* TASK STATEMENT *
Take the lines from the one containing "Methods: Patients were" through the end of the material and write them out exactly, omitting pictures.

* INFORMATION SUPPLIED *
════════════════════

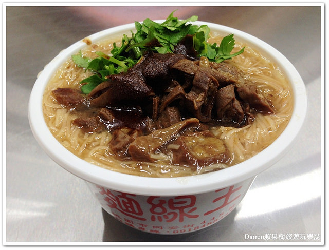 麵線王在南平黃昏夜市旁邊,攤位旁邊還有屈中恆簽名,住在桃園很常看到他的簽名
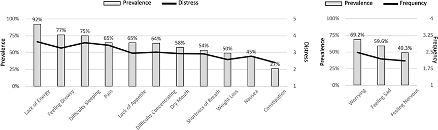 Methods: Patients were recruited from hepatology clinics within two health-care systems. Eligibility criteria included a model for end-stage liver disease (MELD-Na) score ≥15. Patients completed the Condensed Memorial Symptom Assessment Scale and Patient Health Questionnaire. Comparative statistics were used to analyze the cross-sectional survey data.
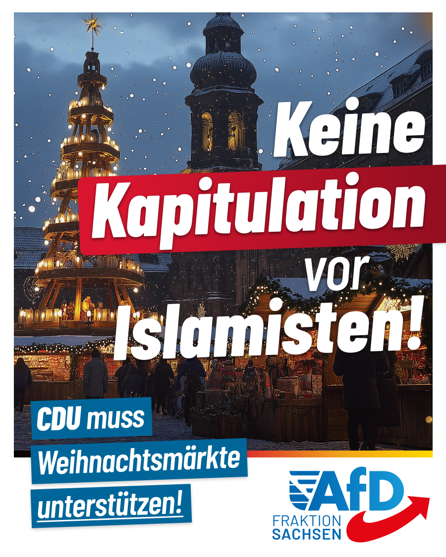 „Die CDU und ganz besonders Armin Schuster haben längst vor Islamisten kapituliert. Dass die Regierung nun tatenlos dem drohenden ‚Kollaps der Weihnachtsmarkt-Kultur‘ zusieht, tut mir im Herzen weh.

════════════════════

* OUTPUT FOR THIS EXERCISE *
 Methods: Patients were recruited from hepatology clinics within two health-care systems. Eligibility criteria included a model for end-stage liver disease (MELD-Na) score ≥15. Patients completed the Condensed Memorial Symptom Assessment Scale and Patient Health Questionnaire. Comparative statistics were used to analyze the cross-sectional survey data.
 „Die CDU und ganz besonders Armin Schuster haben längst vor Islamisten kapituliert. Dass die Regierung nun tatenlos dem drohenden ‚Kollaps der Weihnachtsmarkt-Kultur‘ zusieht, tut mir im Herzen weh.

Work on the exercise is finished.